PythonPyFlinkKafkaRedisMongoDB

Executive Summary

Designed and implemented a production-grade, event-driven journey orchestration engine processing 100K+ daily events with <80ms p99 latency using PyFlink, Apache Kafka, and Redis. The system enables marketing teams to create complex, multi-step user journeys with branching logic, time-based waits, and segment targeting—achieving 35% improvement in user activation and handling 3M+ journey executions monthly at 99.99% delivery reliability.

System Architecture

High-Level Design

┌──────────────────────────────────────────────────────────────────────┐
│                        JOURNEY ORCHESTRATION ENGINE                   │
└──────────────────────────────────────────────────────────────────────┘

┌─────────────┐     ┌─────────────┐     ┌──────────────┐     ┌────────────┐
│  User Events│────▶│   Kafka     │────▶│ Journey      │────▶│   Action   │
│  (SDK/API)  │     │  (12 parts) │     │  Executor    │     │  Handlers  │
│             │     │             │     │  (PyFlink)   │     │            │
└─────────────┘     └─────────────┘     └──────────────┘     └────────────┘
                                               │                      │
                                               │                      │
                                               ▼                      ▼
                                        ┌──────────┐         ┌──────────────┐
                                        │  Redis   │         │ Multi-Channel│
                                        │  State   │         │  Delivery    │
                                        │  Store   │         │ Push/SMS/WA  │
                                        └──────────┘         └──────────────┘
                                               │
                                               ▼
                                        ┌──────────────────┐
                                        │  MongoDB Config  │
                                        │  Journey Schemas │
                                        └──────────────────┘

Core Components

1. Kafka Event Streaming (12 partitions/topic)

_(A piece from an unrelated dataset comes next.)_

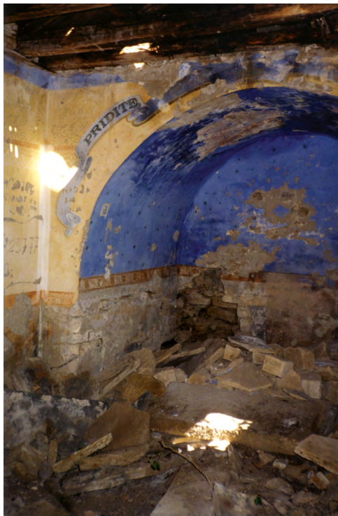
Topolovec, roparski poseg v cerkvi.

Roparski vkop nepravilne ovalne oblike je popolnoma uničil konstrukcijo in vsebino grobnice.

Purpose: High-throughput event ingestion and task distribution
Configuration:
- Partitions: 12 per topic for parallel processing
- Replication Factor: 3 for durability
- Producer: Idempotent (enable.idempotence=true)
- Consumer Groups: Multiple with automatic rebalancing
Topics:
- journey_trigger: Incoming user events that start journeys
- journey_task: Internal task queue for node execution
- journey_dlq: Dead-letter queue for failed tasks
Performance:
- Throughput: 5K+ events/second sustained
- End-to-end latency: <200ms including network hops
- Delivery guarantee: Exactly-once semantics

2. PyFlink Stream Processor (Journey Executor)

File: journey/executor/executor.py (226 lines)

The core execution engine processes 3 node types:

class JourneyExecutor(ConsumerClass):
    def process_message(self, key, value, error_handlers):
        task_type = value.get("task_type").upper()
        
        if task_type == "CONDITION":
            status = self.handle_condition(value)
        elif task_type == "WAIT":
            self.handle_wait(value)
        elif task_type == "ACTION":
            self.handle_action(value)
        
        self.persist_state(value)  # Redis checkpoint
        self.handle_next_nodes(value, status)  # Navigate DAG

Node Types:

a) ACTION Nodes - Execute operations

Push Notifications (Firebase FCM)
SMS (Twilio, AWS SNS)
WhatsApp (Twilio, WhatsApp Business API)
Email (SendGrid, AWS SES)
Slack Alerts (Webhook integration)
Google Sheets (Sheets API integration)
Custom API Calls (Configurable HTTP endpoints)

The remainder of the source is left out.